At chunk_duration="1s" (SI default), different splits of a ~24-thread compute budget on the BP+CMR pipeline, per-caller-thread pools:

Budget Config Time Notes
24 threads outer=24, inner=1 each 1.54 s clean, minimum thread count
192 threads outer=24, inner=8 each 1.42 s absolute peak, oversubscribed
24 threads outer=8, inner=3 each 1.53 s 8 outer, tied with outer=24 inner=1; ~⅓ RAM
12 threads outer=12, inner=1 each 1.59 s ~½ RAM of outer=24
12 threads outer=6, inner=2 each 1.75 s ~¼ RAM of outer=24
12 threads outer=4, inner=3 each 1.92 s ~⅙ RAM of outer=24
12 threads outer=1, inner=12 each 4.31 s single caller — sync overhead dominates

Key observations:

  • DRAM bandwidth saturates around 12 outer workers. outer=12, inner=1 is within 3% of outer=24, inner=1; doubling cores past that gives diminishing returns.
  • Moderate outer + small inner is RAM-efficient. outer=6, inner=2 reaches 92% of peak at ~¼ the RAM; outer=8, inner=3 matches outer=12, inner=1 at ⅔ the RAM.

CRE interaction tables

For BP specifically (inner pool = 8, matching CRE n_jobs=8):

Config Time Speedup Parallelism axis
stock, CRE n=1 (baseline) 7.42 s 1.00×
stock, CRE n=8 thread 1.40 s 5.29× outer only
n_workers=8, CRE n=1 3.18 s 2.33× inner only
n_workers=8, CRE n=8 thread 1.24 s 6.00× both

For CMR (inner pool = 16, exceeds CRE n_jobs=8):

Config Time Speedup Parallelism axis
stock, CRE n=1 (baseline) 3.98 s 1.00×
stock, CRE n=8 thread 0.61 s 6.47× outer only
n_workers=16, CRE n=1 1.58 s 2.52× inner only
n_workers=16, CRE n=8 thread 0.36 s 11.01× both

Tuning guidance

Recommended configurations by caller posture:

Caller Recommended Expected
Direct get_traces() on large windows (viewer, streaming consumer) n_workers=core_count // 8 (more gives diminishing returns) 2–3× vs serial
Default SI user (n_jobs=1) n_workers=8–16 as per-stage 2.7–5× per stage
CRE n_jobs ≥ 12, RAM-rich n_workers=1 (outer already near DRAM ceiling) 0–5% gain
CRE n_jobs < 12, RAM-constrained n_workers = cores // n_jobs + a margin Within 10% of peak at significant RAM savings
Peak absolute throughput n_jobs=core_count + n_workers=4–8 (oversubscribed) ~8% above outer-only

Compatibility

  • No default behavior changes. n_workers=1 preserves existing semantics exactly.
  • Round-trip dumpability. _kwargs dicts updated on both preprocessors; save() / load() round-trip the new kwargs correctly.
  • No new deps. Uses stdlib concurrent.futures.ThreadPoolExecutor, threading, weakref.
  • Propagates through the bandpass_filter, highpass_filter, filter, notch_filter, common_reference wrapper functions via **filter_kwargs.
  • Long-running processes safe: per-caller pools are cleaned up when the calling thread is GC'd.

Review guide

  1. filter.py: _apply_sos helper + n_workers kwarg plumbing + WeakKeyDictionary pool map + weakref.finalize cleanup.
  2. common_reference.py: _parallel_reduce_axis1 helper + same pool-ownership pattern.
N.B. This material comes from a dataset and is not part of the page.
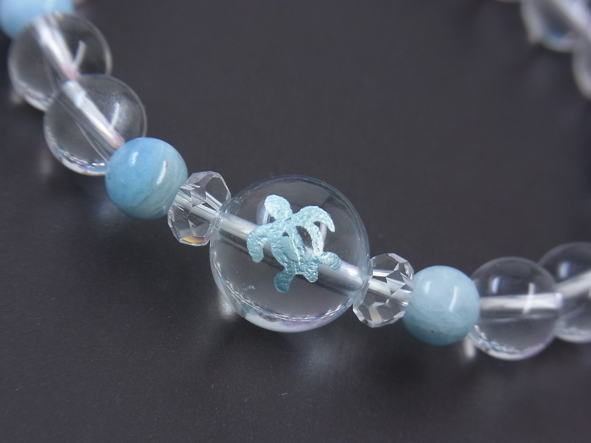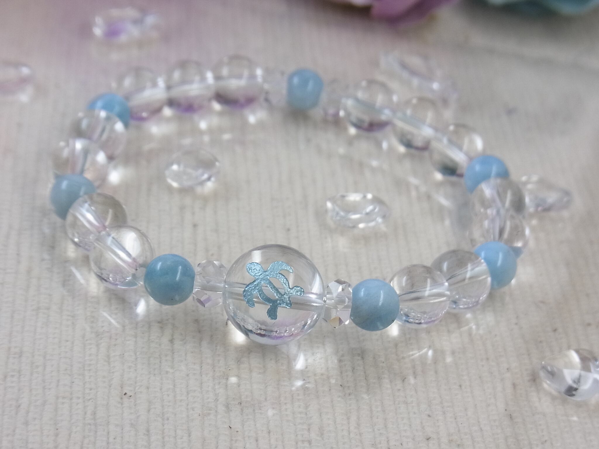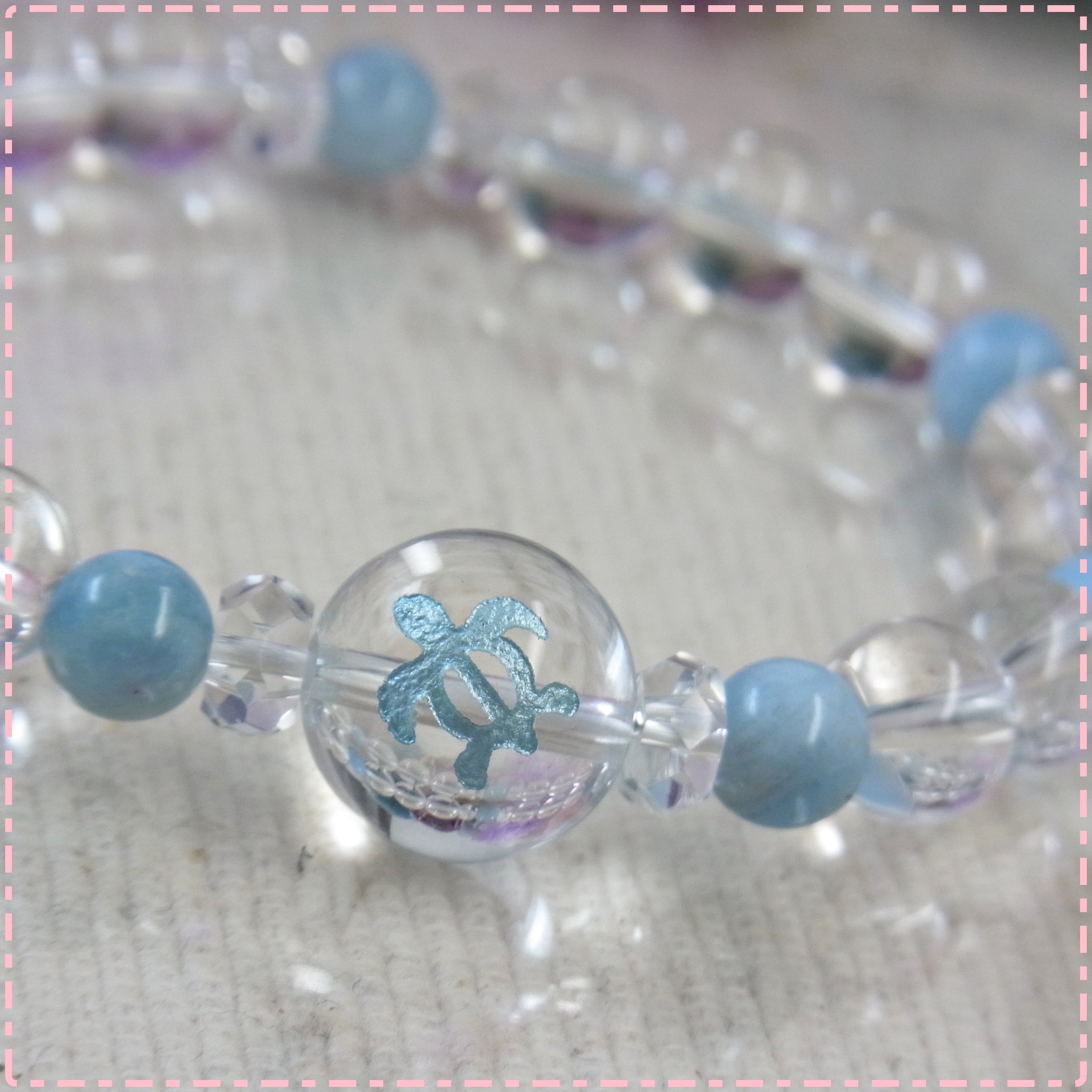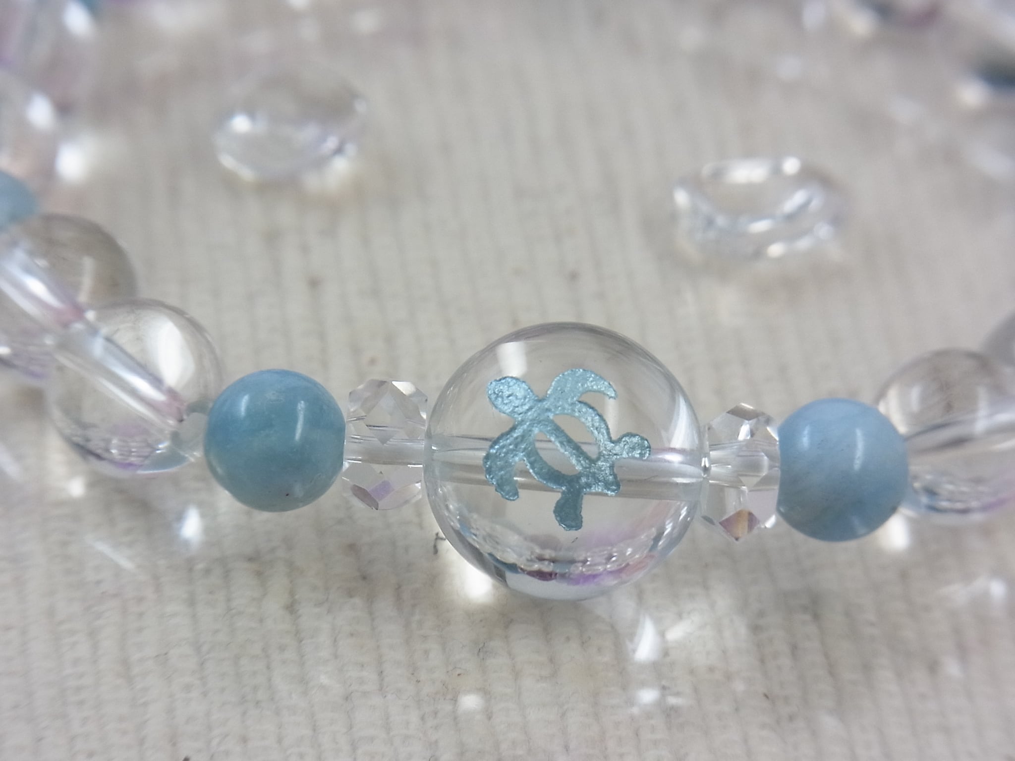 ◆ホヌ水晶と海石 アクアマリン、天然水晶を組み合わせた、

Parallelization guarded to the global-reference hot path only.
  3. tests/test_parallel_pool_semantics.py: single-caller reuse + concurrent-caller isolation contract tests for both preprocessors.
  4. Existing tests: correctness (bit-identical median, float-close sos), thread-pool reuse across calls, single-worker-fallback for small channel counts.

Companion PR

An independent companion PR #4563 adds a sinc-FIR alternative to PhaseShiftRecording with ~100× per-stage speedup plus memory win. No code dependency between the two; either can land first. Combined, they give 13–20× on a typical PhaseShiftRecording → HighpassFilterRecording → CommonReferenceRecording chain for direct get_traces() callers, or ~3× on top of existing CRE parallelism.

Checklist

  • Existing preprocessing tests pass
  • New tests cover the per-caller-thread pool contract
  • Benchmark script with reproducible fixtures
  • Dumpable recordings (_kwargs updated)
  • Docstrings explain when the kwargs help / don't help
  • WeakKeyDictionary cleanup prevents pool leaks in long-running processes

Adds opt-in intra-chunk thread-parallelism to two preprocessors:
channel-split sosfilt/sosfiltfilt in FilterRecording, time-split
median/mean in CommonReferenceRecording.  Default n_workers=1 preserves
existing behavior.

Per-caller-thread inner pools
-----------------------------
Each outer thread that calls ``get_traces()`` on a parallel-enabled segment
gets its own inner ThreadPoolExecutor, stored in a ``WeakKeyDictionary``
keyed by the calling ``Thread`` object.  Rationale:

* Avoids the shared-pool queueing pathology that would occur if N outer
  workers (e.g., TimeSeriesChunkExecutor with n_jobs=N) all submitted
  into a single shared pool with fewer max_workers than outer callers.
  Under a shared pool, ``n_workers=2`` with ``n_jobs=24`` thrashed at
  3.36 s on the test pipeline; per-caller pools: 1.47 s.
* Keying by the Thread object (not thread-id integer) avoids the
  thread-id-reuse hazard: thread IDs can be reused after a thread dies,
  which would cause a new thread to silently inherit a dead thread's
  pool.
* WeakKeyDictionary + weakref.finalize ensures automatic shutdown of
  the inner pool when the calling thread is garbage-collected.  The
  finalizer calls ``pool.shutdown(wait=False)`` to avoid blocking the
  finalizer thread; in-flight tasks would be cancelled, but the owning
  thread submits+joins synchronously, so none exist when it exits.

When useful
-----------
* Direct ``get_traces()`` callers (interactive viewers, streaming
  consumers, mipmap-zarr tile builders) that don't use
  ``TimeSeriesChunkExecutor``.
* Default SI users who haven't tuned job_kwargs.
* RAM-constrained deployments that can't crank ``n_jobs`` to core count:
  on a 24-core host, ``n_jobs=6, n_workers=2`` gets within 8% of
  ``n_jobs=24, n_workers=1`` at ~1/4 the RAM.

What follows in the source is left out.